# PROBLEM
Leave the pictures out and write out the rest of the listing word for word.

# RECORDED DATA

== Segment start ==

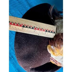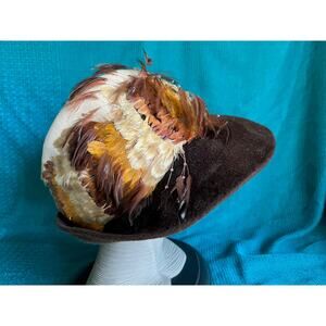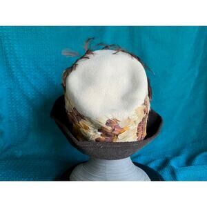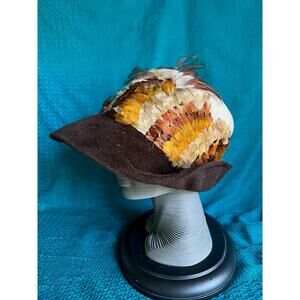 Originals by Mr josephs hat felted wool wide brim feathered brim is brown and crown of hat cream with feathers around the sides. measures 8” across.tag says Originals by Mr josephs new york. union made.
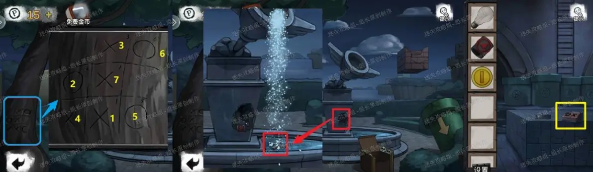 8、 花园,喷泉红框这里放大后装上阀门,点击阀门送水后得到喷出来的【叉】按钮。之后去下水道,对黄框使用叉按钮后可以点击圈叉了,点击顺序的提示来自于花园左侧的树(下图蓝框处点击放大就可以看到),最后答案这里给出:叉圈叉叉圈圈叉,完成后得到里面的【五角星】。
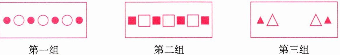 1. 仔细观察下图,找找变化规律,猜猜在第三组的空白方格内应填一个什么样的图形。

== Segment end ==

# RESPONSE TO THE TASK
 Originals by Mr josephs hat felted wool wide brim feathered brim is brown and crown of hat cream with feathers around the sides. measures 8” across.tag says Originals by Mr josephs new york. union made.
 8、 花园,喷泉红框这里放大后装上阀门,点击阀门送水后得到喷出来的【叉】按钮。之后去下水道,对黄框使用叉按钮后可以点击圈叉了,点击顺序的提示来自于花园左侧的树(下图蓝框处点击放大就可以看到),最后答案这里给出:叉圈叉叉圈圈叉,完成后得到里面的【五角星】。
 1. 仔细观察下图,找找变化规律,猜猜在第三组的空白方格内应填一个什么样的图形。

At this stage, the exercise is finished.